Jeff Birchfield • Dec 20, 2018 at 12:22 AM

BRISTOL — Bristol Motor Speedway announced Wednesday an agreement with Formosa Productions Inc. to explore bringing major NASCAR racing events to Nashville Fairgrounds Speedway.

The track, which is the second oldest continuously operated race track in America behind only the Milwaukee Mile, held its first race on June 14, 1904. The property hosted 42 NASCAR Cup Series races from 1958-94 with Richard Petty winning nine races and Franklin resident Darrell Waltrip scoring eight victories. The track was also the site of nine Xfinity Series races from 1984-2000 and five Truck Series races from 1996-2000.

In recent years, the track has hosted a limited schedule for local racers and special Late Model events, including the prestigious All-American 400 with the 34th edition scheduled for April 13-14, 2019.

Formosa Productions has a multi-year contract with the Metro Nashville Board of Fair Commissioners to promote and manage the Nashville Fairgrounds Speedway and operate a liTennmited number of local racing events.

BMS and Formosa Productions, which will continue to lead local racing efforts, have signed a contract to work on a long-range plan of significant track improvements and high-profile race events that could include NASCAR events upon the facility meeting standards.

“This is terrific news for fans of racing and drivers all across the country and will bring a brighter future for Nashville Fairgrounds,” said Tony Formosa, president of Formosa Productions. “I’m excited to work with Bruton and Marcus Smith and the Bristol team, who I feel will bring this historic facility back to where it belongs. Today marks an exciting new beginning for the Fairgrounds Speedway Nashville.”
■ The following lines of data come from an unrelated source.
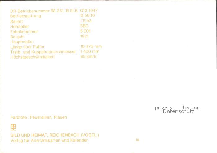 Lokomotive DR-Betriebsnummer 58 261 postalisch nicht gelaufen Erhaltung siehe scans
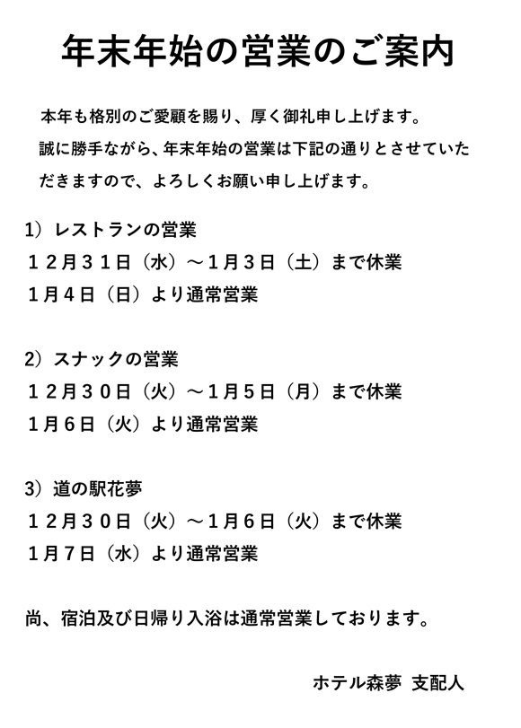 年末年始の営業のご案内
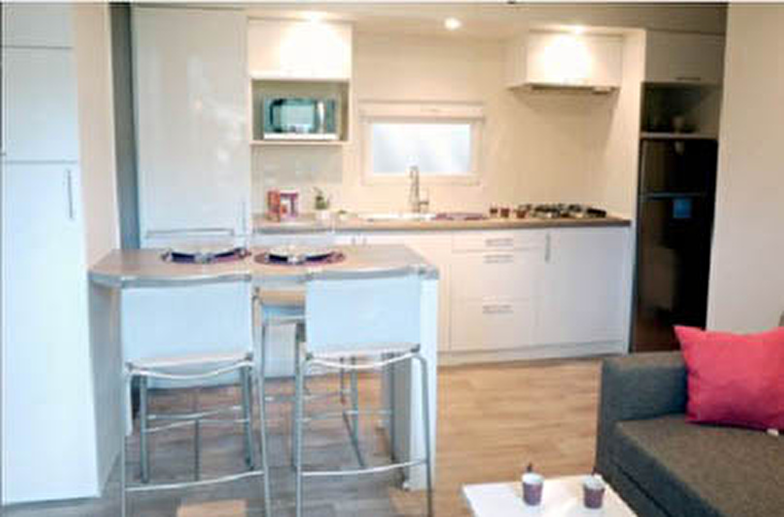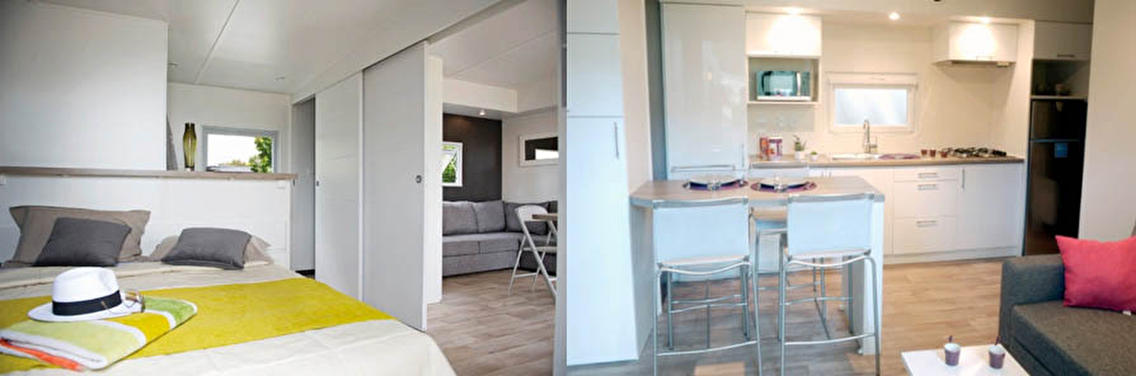 • Mobil home luxe : les TAOS sont une nouvelle gamme de mobil home plus spacieux avec un design moderne et prêt pour vous accueillir ! Cuisine fonctionnelle avec plaque de cuisson à gaz, hotte inox, frigo congélateur, micro-onde et lave-vaisselle, 1 chambre parents avec lit, WC et salle d'eau indépendante et 1 chambre enfants avec 2 lits et aussi WC et salles d'eau indépendantes, salle à manger et séjour avec lit convertible. Une grande terrasse couverte et salon de jardin pour profiter des plus beaux jours !
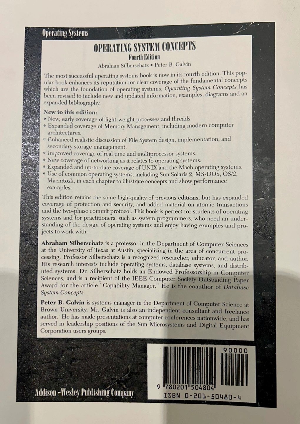 Fourth edition. Authors: Silberschatz and Galvin. Covers operating systems concepts. Includes diagrams and examples. Good for students and practitioners.
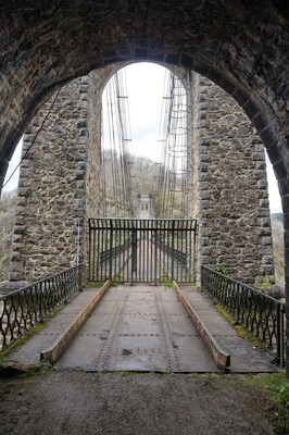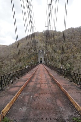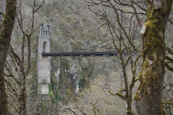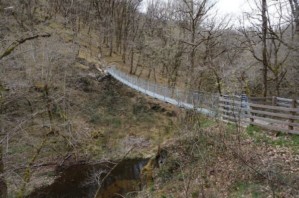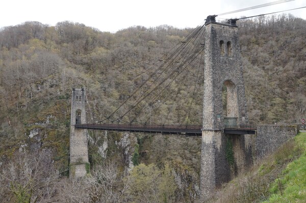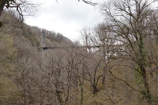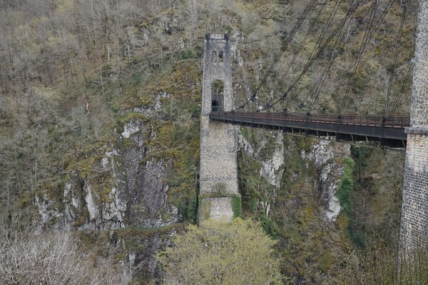 Le franchissement de la Luzège s'effectue par une passerelle himalayenne, les
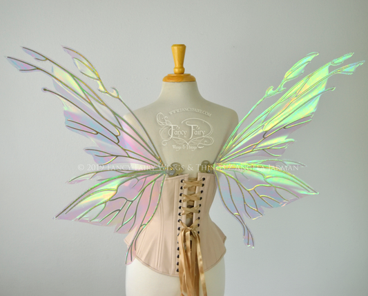 Goblin Princess Convertible Iridescent Fairy Wings in Opal with Pearl Veins
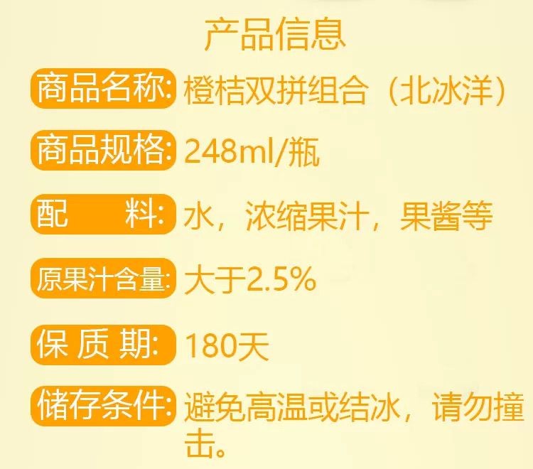 Arctic Ocean soda orange juice orange juice glass 248ML*24 bottles
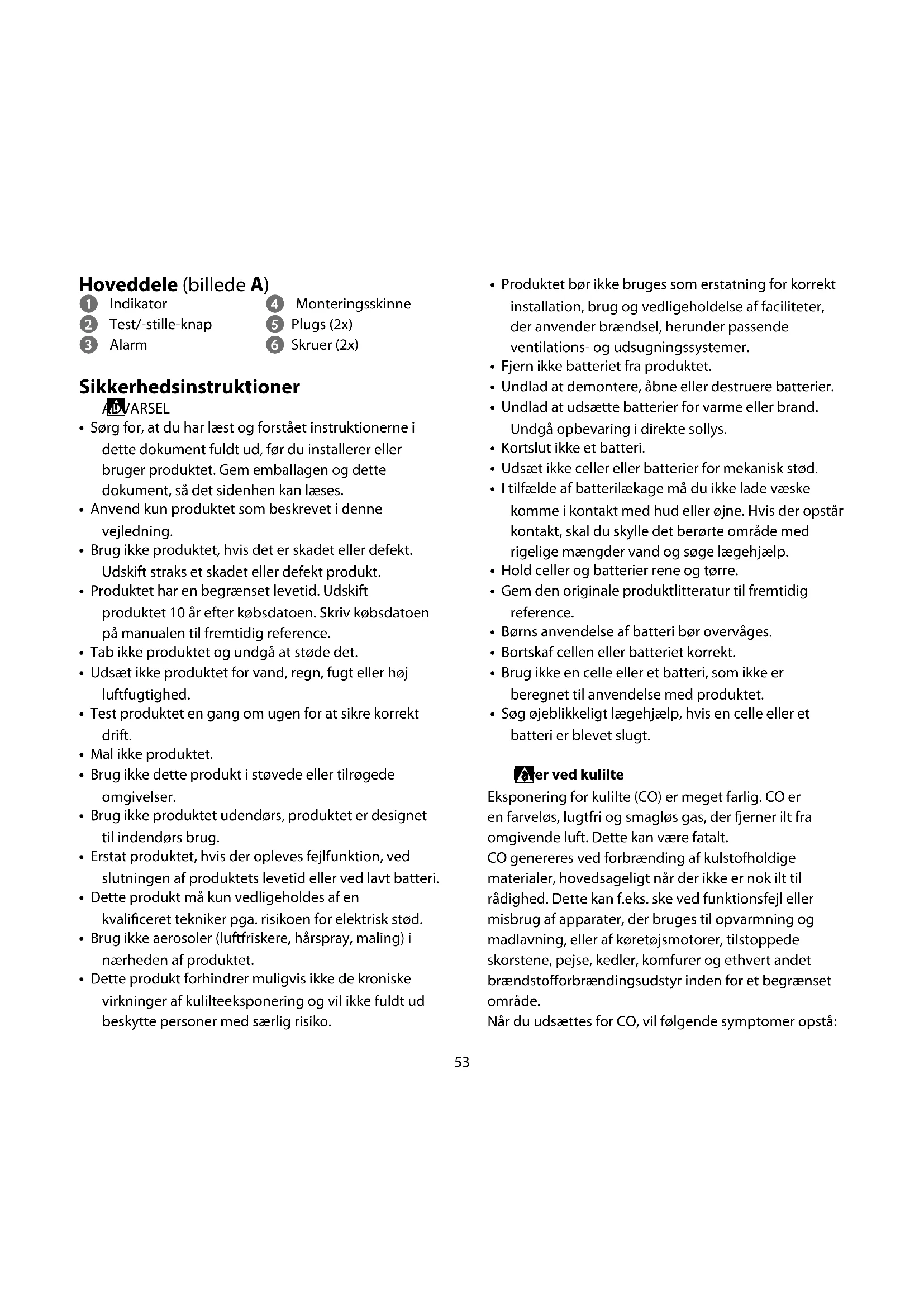- Dette produkt forhindrer muligvis ikke de kroniske virkninger af kulilteeksponering og vil ikke fuldt ud beskytte personer med særlig risiko.
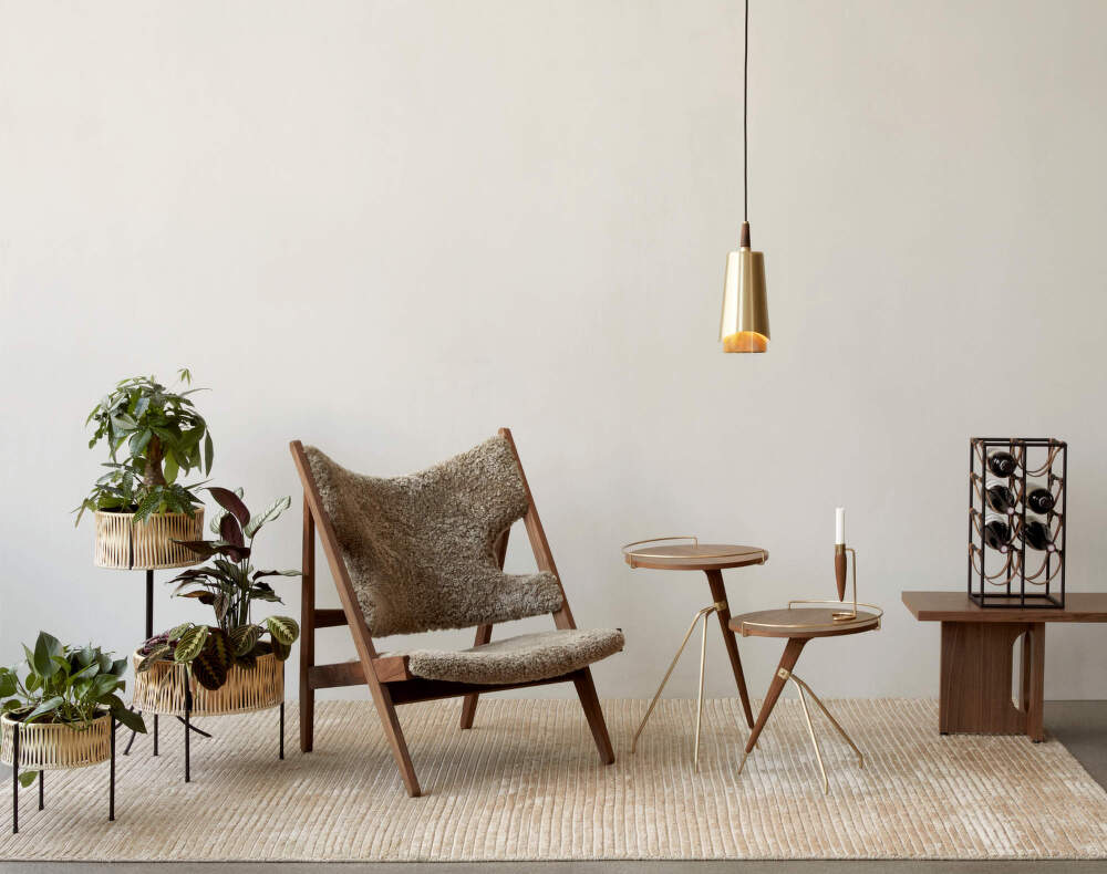 The Umanoff pendant lamp by designer Arthur Umanoff from the 1950s is an example of harmony between contrasting materials and geometric shapes. It combines the warm tone of solid walnut wood with the elegant shine of brass and steel. These elements come together in a clean form that remains timeless even in contemporary interiors.
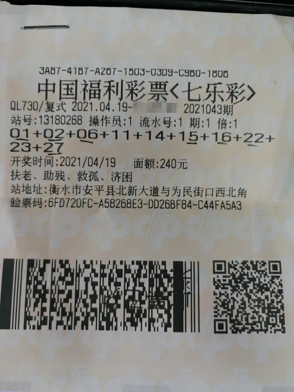 4月19日晚,七乐彩2021043期开出2注一等奖,单注奖金141.8399万元。其中一注花落衡水市安平县北新大道与为民街交口13180268站。4月21日一早,一位穿着西装、戴着金边眼镜的中年男子冒雨来到省福彩兑奖大厅领取了大奖。

The racing history at the Fairgrounds dates back to the 1800s when it was the site of horse racing. It has been reported in recent months of hopes bringing the Xfinity and Truck Series back to Music City, which has been without a major racing series since the Nashville Superspeedway in nearby Gladeville hosted its last NASCAR races in 2011.

“Tony and our team both see the same bright future for Fairgrounds Speedway,” said Jerry Caldwell, executive vice president and general manager of Bristol Motor Speedway. “Nashville has a special reputation as one of the most exciting tracks in the history of motorsports, and the region has a remarkably large and passionate fan base.

“The motorsports industry — the sanctioning bodies, drivers and race teams — is excited about Nashville’s potential to be a regular site for major events. With Metro supportive of that vision, we are eager to start working tomorrow with the city, Tony and other stakeholders at the Fairgrounds and beyond to develop a first-class racing facility and program.”